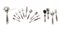 dodici coltelli, dodici forchette, dodici cucchiai da pasto; dodici forchettine, dodici coltelli, dodici cucchiai da dessert;dodici forchette da formaggio; un mestolo; due posate da insalata; un cucchiaio e un forchettone
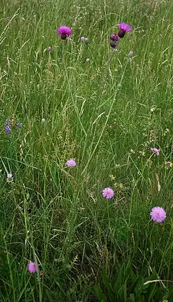 - Purpurowe, zebrane w koszyczki. Na każdej gałązce występuje jeden tylko koszyczek. Okrywa koszyczka długości 15–20 mm. Jej łuski są wąskie, nie odgięte, w nasadzie mają szerokość około 1 mm, a szczyty stopniowo zaostrzone.
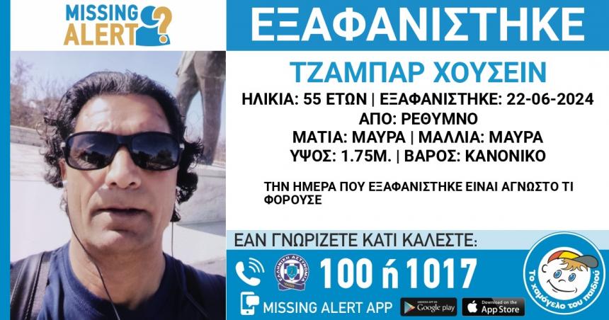 Στις 22/06/2024 εξαφανίστηκε από την περιοχή του Ρεθύμνου ο Τζαμπάρ(ον.) Χουσείν (επ.), 55 ετών.
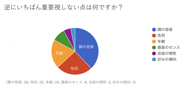 重要視しない点については、1位が「顔の容姿」(38%)、2位が「性別」(25%)、3位が「年齢」(20%)という結果でした。
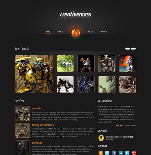 Stunning One-Paged Website Portfolio Template with orange unstable core.
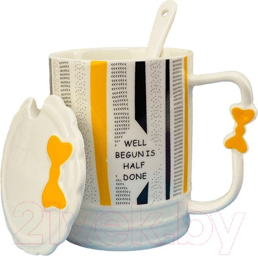 LENARDI Кружка 400мл с крышкой и ложкой в под.уп.(х36)Фарфор
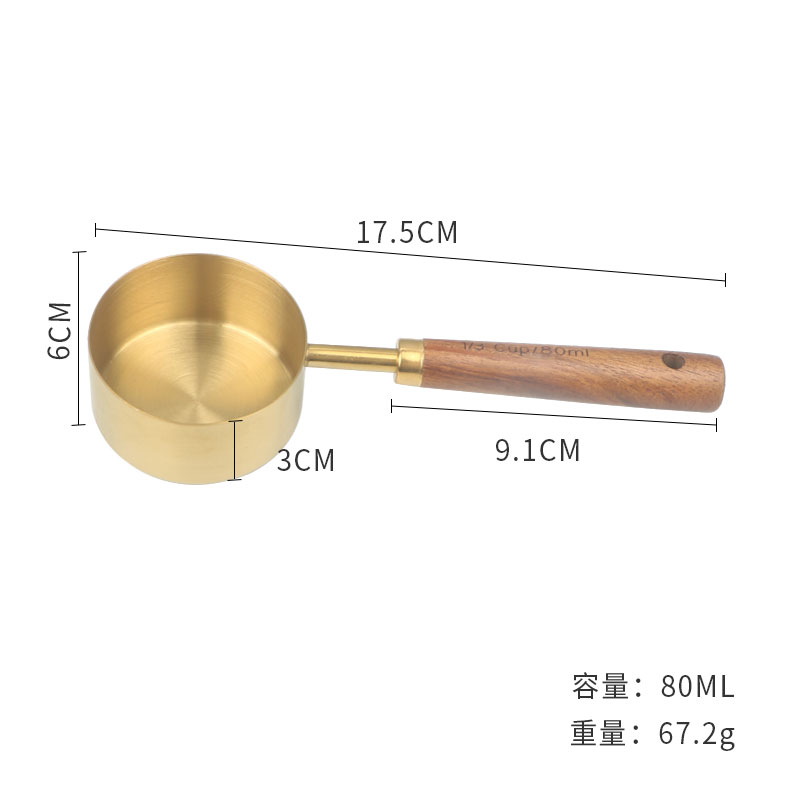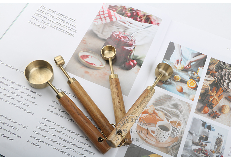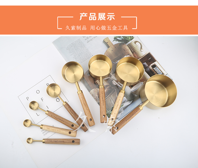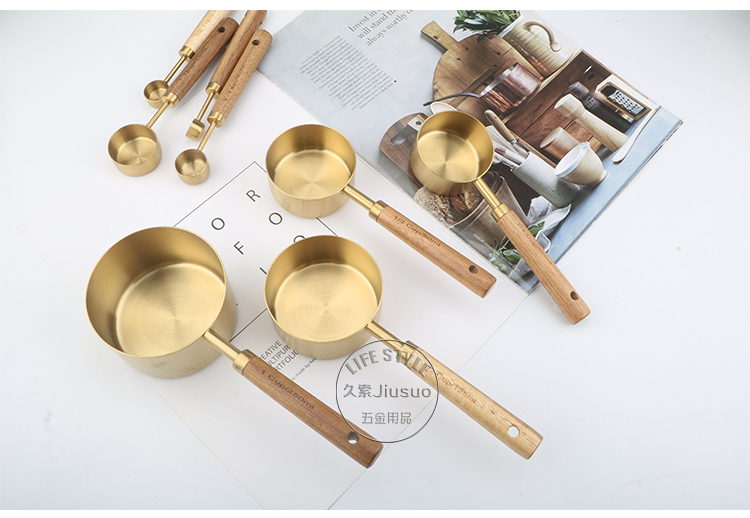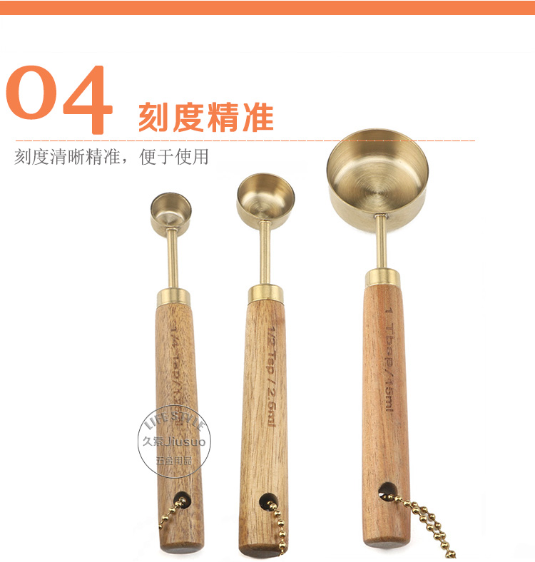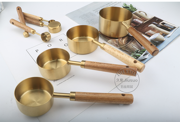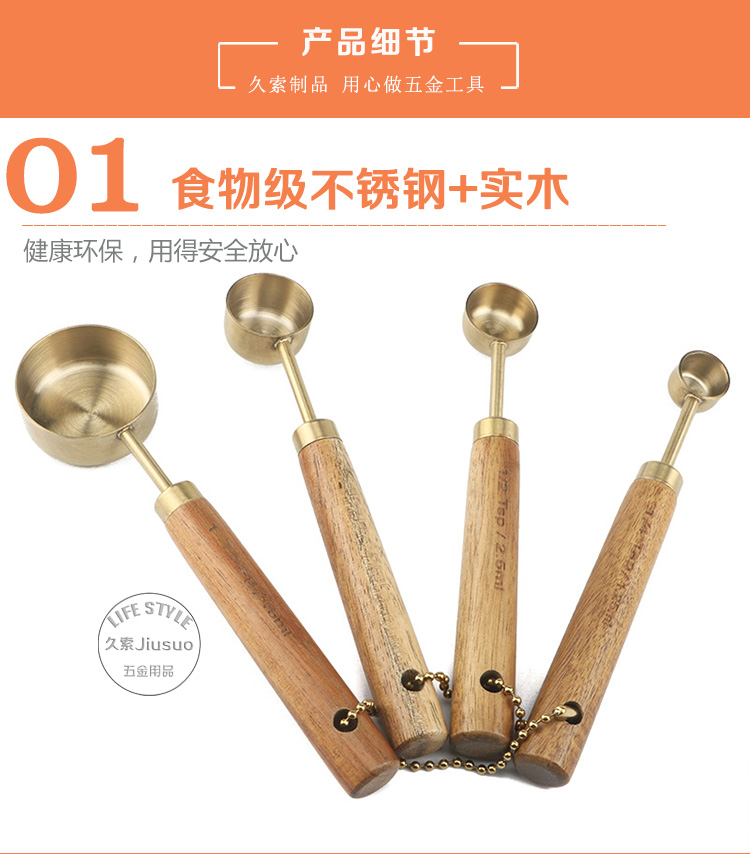 久索铜色木柄量勺量匙 烘焙专用不锈钢量杯量勺量匙四件套张张
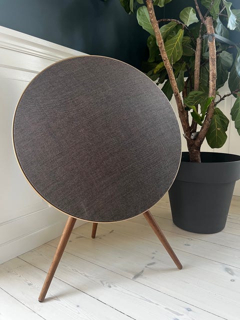 Beoplay A9 MK2 (2. generation) i sort kabinet med brun frontstof og valnødsben
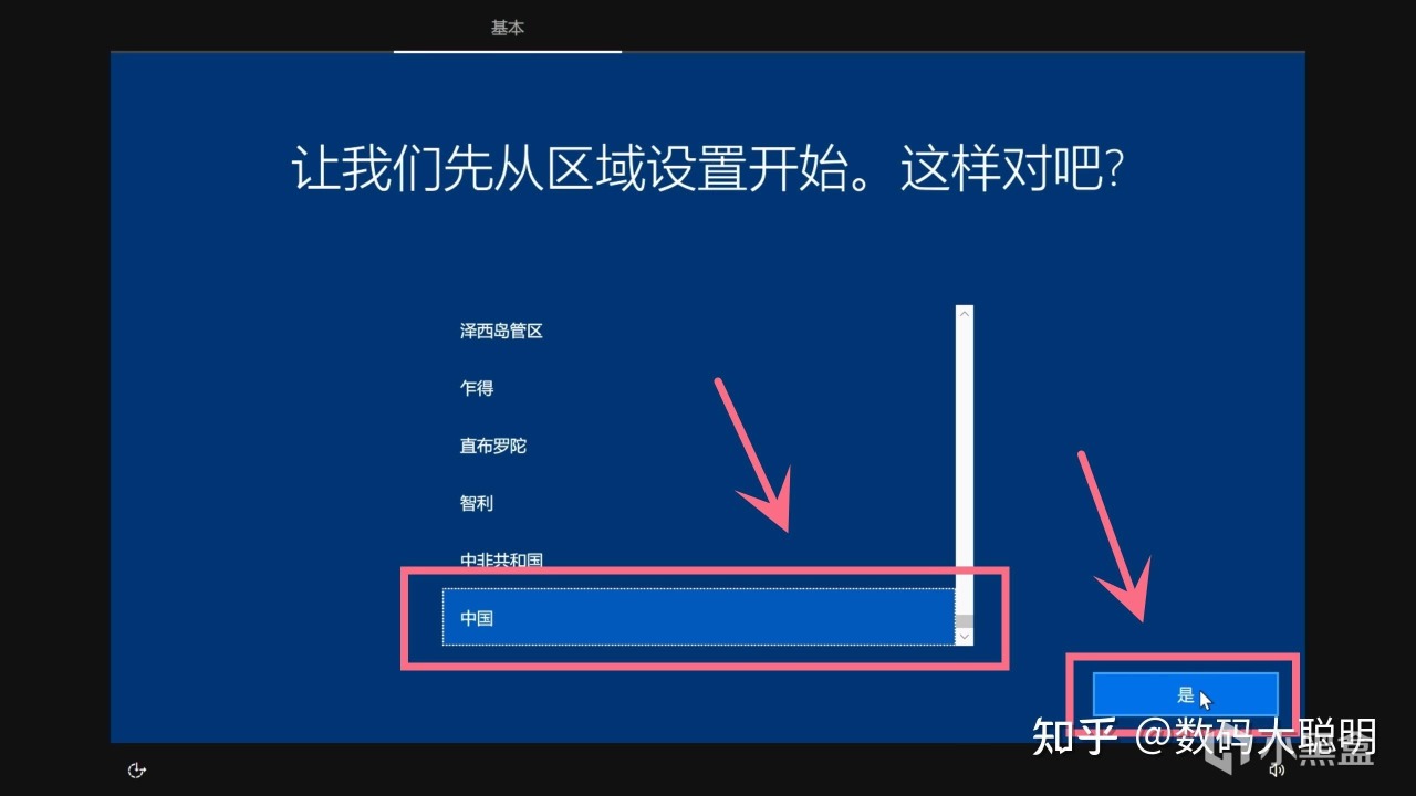 開始選擇使用區域,一般默認是直接中國,點擊「是」
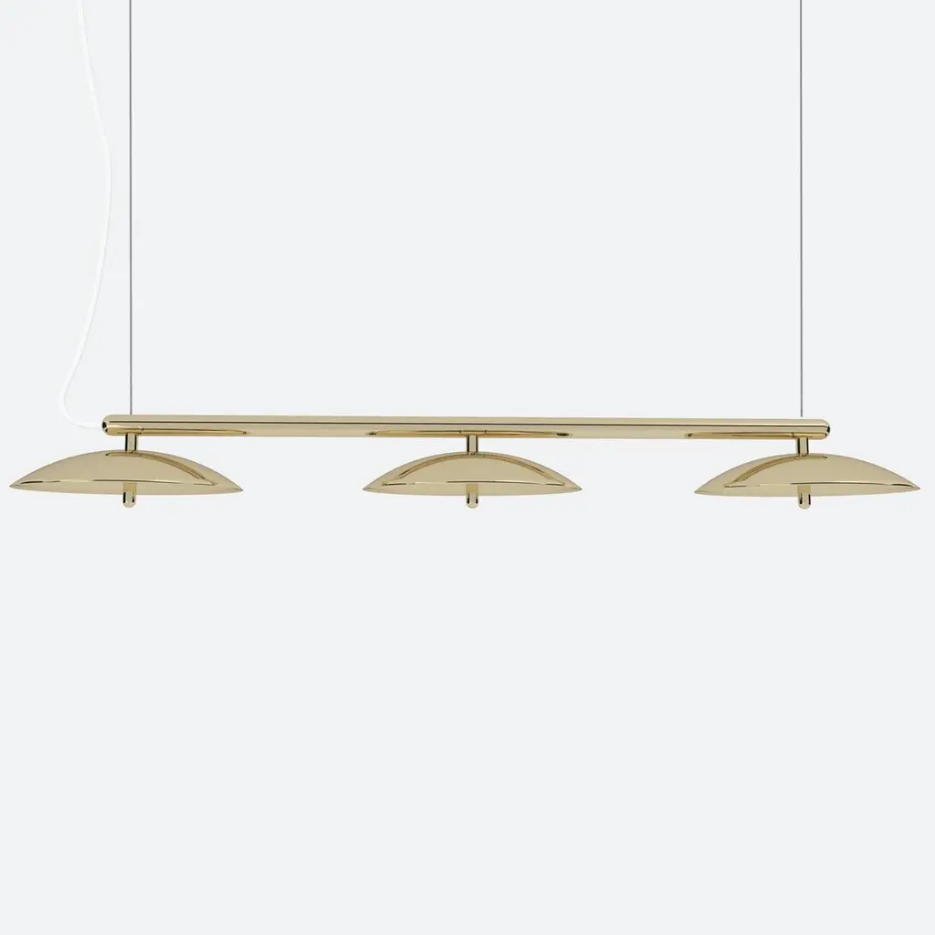 Price is for a signal linear pendant with white shade and copper accents. This piece is customizable so we can also make the finishes per order to your spec. Lamping: G8 LED Bulbs (included)Canopy: White, 5in Diameter, .25in height6x G8 LED bulbs included (2 per shade)36w, 3600 Lumens, CRI 90+
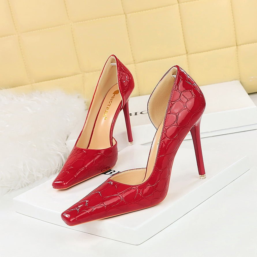 Popular Elements: European and American Style Fashion Retro Patent Leather Stone Pattern Side Hollow Square Toe Side Empty Shoes High Heels Super High Heels

---

Your assignment
Transcribe the complete set of entries verbatim. No pictures belong in the copy.

Solution for this problem
 dodici coltelli, dodici forchette, dodici cucchiai da pasto; dodici forchettine, dodici coltelli, dodici cucchiai da dessert;dodici forchette da formaggio; un mestolo; due posate da insalata; un cucchiaio e un forchettone
 - Purpurowe, zebrane w koszyczki. Na każdej gałązce występuje jeden tylko koszyczek. Okrywa koszyczka długości 15–20 mm. Jej łuski są wąskie, nie odgięte, w nasadzie mają szerokość około 1 mm, a szczyty stopniowo zaostrzone.
 Στις 22/06/2024 εξαφανίστηκε από την περιοχή του Ρεθύμνου ο Τζαμπάρ(ον.) Χουσείν (επ.), 55 ετών.
 重要視しない点については、1位が「顔の容姿」(38%)、2位が「性別」(25%)、3位が「年齢」(20%)という結果でした。
 Stunning One-Paged Website Portfolio Template with orange unstable core.
 LENARDI Кружка 400мл с крышкой и ложкой в под.уп.(х36)Фарфор
 久索铜色木柄量勺量匙 烘焙专用不锈钢量杯量勺量匙四件套张张
 Beoplay A9 MK2 (2. generation) i sort kabinet med brun frontstof og valnødsben
 開始選擇使用區域,一般默認是直接中國,點擊「是」
 Price is for a signal linear pendant with white shade and copper accents. This piece is customizable so we can also make the finishes per order to your spec. Lamping: G8 LED Bulbs (included)Canopy: White, 5in Diameter, .25in height6x G8 LED bulbs included (2 per shade)36w, 3600 Lumens, CRI 90+
 Popular Elements: European and American Style Fashion Retro Patent Leather Stone Pattern Side Hollow Square Toe Side Empty Shoes High Heels Super High Heels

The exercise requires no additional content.